Without Article I, section 3, there is no apparent legal authority for the chief justice to preside at the impeachment trial. To the contrary, having the head of the judicial branch preside over the Senate except as specifically required by the Constitution would seem to violate the constitutional separation of powers. Finally, even if Roberts somehow could opt to preside if requested by the Senate, he probably would want no part of this exercise and would respectfully decline. With Chief Justice Roberts out of the picture, Vice President Harris would be in line to preside. Alternatively, if the Biden Administration was reluctant to participate directly in this fraught and potentially distracting endeavor, Senate President Pro Tempore Patrick Leahy or another senior Democratic senator could be chosen to officiate.
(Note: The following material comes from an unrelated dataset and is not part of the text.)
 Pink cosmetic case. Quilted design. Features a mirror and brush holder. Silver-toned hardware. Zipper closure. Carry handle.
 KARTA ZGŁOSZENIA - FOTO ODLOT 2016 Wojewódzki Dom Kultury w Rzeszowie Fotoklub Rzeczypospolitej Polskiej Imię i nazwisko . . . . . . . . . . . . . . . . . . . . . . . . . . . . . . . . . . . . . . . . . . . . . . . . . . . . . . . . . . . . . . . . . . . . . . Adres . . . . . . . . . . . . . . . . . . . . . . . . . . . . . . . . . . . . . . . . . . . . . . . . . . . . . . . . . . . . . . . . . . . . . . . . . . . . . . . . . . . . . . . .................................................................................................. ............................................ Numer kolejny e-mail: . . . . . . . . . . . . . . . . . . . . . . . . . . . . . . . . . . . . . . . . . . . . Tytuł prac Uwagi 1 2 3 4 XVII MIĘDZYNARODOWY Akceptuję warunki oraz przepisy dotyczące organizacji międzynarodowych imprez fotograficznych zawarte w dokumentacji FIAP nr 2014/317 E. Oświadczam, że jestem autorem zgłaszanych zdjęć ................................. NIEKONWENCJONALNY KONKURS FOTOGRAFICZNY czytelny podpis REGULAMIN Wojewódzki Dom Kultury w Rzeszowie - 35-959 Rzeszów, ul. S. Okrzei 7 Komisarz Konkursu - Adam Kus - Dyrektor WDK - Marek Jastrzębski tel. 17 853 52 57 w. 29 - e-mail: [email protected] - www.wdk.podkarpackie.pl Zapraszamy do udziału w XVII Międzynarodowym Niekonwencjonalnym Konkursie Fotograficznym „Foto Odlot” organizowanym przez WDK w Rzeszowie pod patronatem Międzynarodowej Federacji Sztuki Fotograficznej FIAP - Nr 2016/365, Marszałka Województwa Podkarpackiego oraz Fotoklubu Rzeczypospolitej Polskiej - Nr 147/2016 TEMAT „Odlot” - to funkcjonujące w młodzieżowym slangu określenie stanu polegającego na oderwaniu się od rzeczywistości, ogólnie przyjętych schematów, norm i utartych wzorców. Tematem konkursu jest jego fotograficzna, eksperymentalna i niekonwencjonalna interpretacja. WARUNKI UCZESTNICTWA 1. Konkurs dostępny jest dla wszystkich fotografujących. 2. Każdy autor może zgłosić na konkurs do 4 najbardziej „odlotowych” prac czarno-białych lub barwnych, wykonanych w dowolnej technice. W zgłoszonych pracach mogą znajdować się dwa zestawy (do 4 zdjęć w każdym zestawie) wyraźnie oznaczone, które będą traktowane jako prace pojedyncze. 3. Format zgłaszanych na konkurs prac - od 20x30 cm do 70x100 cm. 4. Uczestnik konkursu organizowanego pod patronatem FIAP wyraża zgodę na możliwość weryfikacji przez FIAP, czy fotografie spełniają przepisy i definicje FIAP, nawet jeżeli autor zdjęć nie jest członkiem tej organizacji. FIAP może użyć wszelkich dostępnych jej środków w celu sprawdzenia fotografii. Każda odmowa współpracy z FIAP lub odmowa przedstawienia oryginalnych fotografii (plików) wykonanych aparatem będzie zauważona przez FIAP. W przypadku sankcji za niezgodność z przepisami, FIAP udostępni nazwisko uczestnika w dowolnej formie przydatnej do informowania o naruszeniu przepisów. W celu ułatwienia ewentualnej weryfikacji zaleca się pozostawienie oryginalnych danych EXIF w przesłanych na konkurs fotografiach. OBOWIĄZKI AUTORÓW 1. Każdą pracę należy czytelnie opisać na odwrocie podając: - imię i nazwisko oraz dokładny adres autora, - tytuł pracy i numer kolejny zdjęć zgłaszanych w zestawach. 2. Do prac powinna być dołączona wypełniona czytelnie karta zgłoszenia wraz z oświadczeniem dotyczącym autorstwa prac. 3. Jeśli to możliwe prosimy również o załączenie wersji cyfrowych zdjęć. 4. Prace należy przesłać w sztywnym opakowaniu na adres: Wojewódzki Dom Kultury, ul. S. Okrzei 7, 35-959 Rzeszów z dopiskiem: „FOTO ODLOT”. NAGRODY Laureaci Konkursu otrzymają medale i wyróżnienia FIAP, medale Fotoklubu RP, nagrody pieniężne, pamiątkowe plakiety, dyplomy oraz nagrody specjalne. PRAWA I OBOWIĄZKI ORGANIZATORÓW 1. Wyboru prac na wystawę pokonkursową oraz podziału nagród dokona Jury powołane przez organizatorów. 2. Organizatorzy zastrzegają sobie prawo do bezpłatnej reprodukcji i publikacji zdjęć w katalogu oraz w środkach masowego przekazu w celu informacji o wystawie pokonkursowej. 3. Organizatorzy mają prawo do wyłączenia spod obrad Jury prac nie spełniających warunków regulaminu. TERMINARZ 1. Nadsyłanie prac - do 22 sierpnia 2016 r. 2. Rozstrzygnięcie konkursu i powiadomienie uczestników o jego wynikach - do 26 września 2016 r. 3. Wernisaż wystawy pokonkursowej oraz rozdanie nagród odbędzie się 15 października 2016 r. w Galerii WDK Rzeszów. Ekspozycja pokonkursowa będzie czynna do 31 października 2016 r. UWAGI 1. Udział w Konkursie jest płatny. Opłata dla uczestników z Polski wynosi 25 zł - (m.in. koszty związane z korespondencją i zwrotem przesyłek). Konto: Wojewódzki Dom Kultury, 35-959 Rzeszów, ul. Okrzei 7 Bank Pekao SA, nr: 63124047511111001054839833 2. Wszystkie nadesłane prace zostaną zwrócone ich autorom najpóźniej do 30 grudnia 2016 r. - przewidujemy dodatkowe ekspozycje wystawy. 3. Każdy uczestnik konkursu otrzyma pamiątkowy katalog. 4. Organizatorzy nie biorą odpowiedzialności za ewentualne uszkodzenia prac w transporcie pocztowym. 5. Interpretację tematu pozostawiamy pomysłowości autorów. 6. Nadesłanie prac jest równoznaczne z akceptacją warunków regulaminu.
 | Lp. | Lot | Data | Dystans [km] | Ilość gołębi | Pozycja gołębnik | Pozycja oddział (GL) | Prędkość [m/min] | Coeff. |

The  above considerations are significant in at least three ways. First, the fact that Article I, section 3 is so incongruent here is another indication that the Constitution was not designed for impeachment of former presidents. Second, substituting a politician for the chief justice as presiding officer will detract from the gravitas and objectivity of the proceeding and fuel the notion that it is a partisan exercise. Third, a trial without the chief justice is considerably more likely to survive a motion to dismiss at the outset on the substantial grounds that an individual who has left office is no longer subject to the impeachment process. The chief justice might well grant such a motion but a Democrat in the chair would almost surely reject it. The presiding officer’s ruling, regardless of who makes it, is subject to reversal by majority vote of the Senate. However, a ruling by the chief justice would doubtless carry greater weight with senators (and the public) than one by a political figure.